Comment by PunchyHamster
8 hours ago
It does make sense if you turn it around
"Having permanent patient by treating only symptoms is better than curing them right away"
Basically living (comfortably, or at all) as a subscription service
8 hours ago
It does make sense if you turn it around
"Having permanent patient by treating only symptoms is better than curing them right away"
Basically living (comfortably, or at all) as a subscription service
That assumes equal ability to manage a long-revenue-stream treatment that keeps people alive enough not to die but doesn't help them enough to stop taking it. Doable for somethings. Not so much against cancer.
And it assumes none of your competitors spot the cure that you suppressed or simply didn't look for and eat your lunch by taking all those patients away from you.
If you "accidentally" came up with a single-course cure for something like Crohn's or RA while trying to create a every-three-months recurring treatment instead, would you honestly shelve it? No.
You could make an argument that the incentives discourages certain types of research, but that's assuming a certain level of foreknowledge about how to treat or cure a lot of these things that I don't think we have right now.

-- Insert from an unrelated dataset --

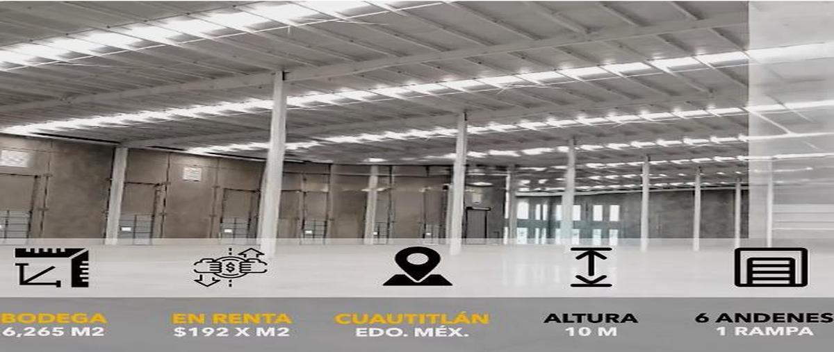 Superficie total: 6,265 m²: nave industrial: 6,005 m² mezzanine: 260 m²precio de renta: $192 mxn por m² renta mensual total: $1,202,880 mxn precios más iva mantenimiento: 10% mensual + ivadescripción ...

No, this is the basic naive argument I'm responding to. It's nice to have long-term recurring revenue, but customers have a very strong preference for a cure, which means the owners of cures will outcompete the owners of subscription treatments. And then to say those cure-owners are in a "bad business", again, is like saying you'd go "aw shucks" if you happened on an enormous seam of gold.
It doesn't make any sense unless there is only one drug company with a total monopoly. Even if one drug company develops a highly profitable drug which only treats symptoms, all of their competitors still have a financial incentive to undercut them by developing a cure.
Aren't there ethical committees to avoid that? Health is not a normal business.
Goldman Sachs modus operandi is leaning too far on the parasitic side of the spectrum
https://jasonzweig.com/wall-street-and-the-vampire-squid-a-b...
That you can imagine an even better business model than X, does NOT mean X is a bad business model!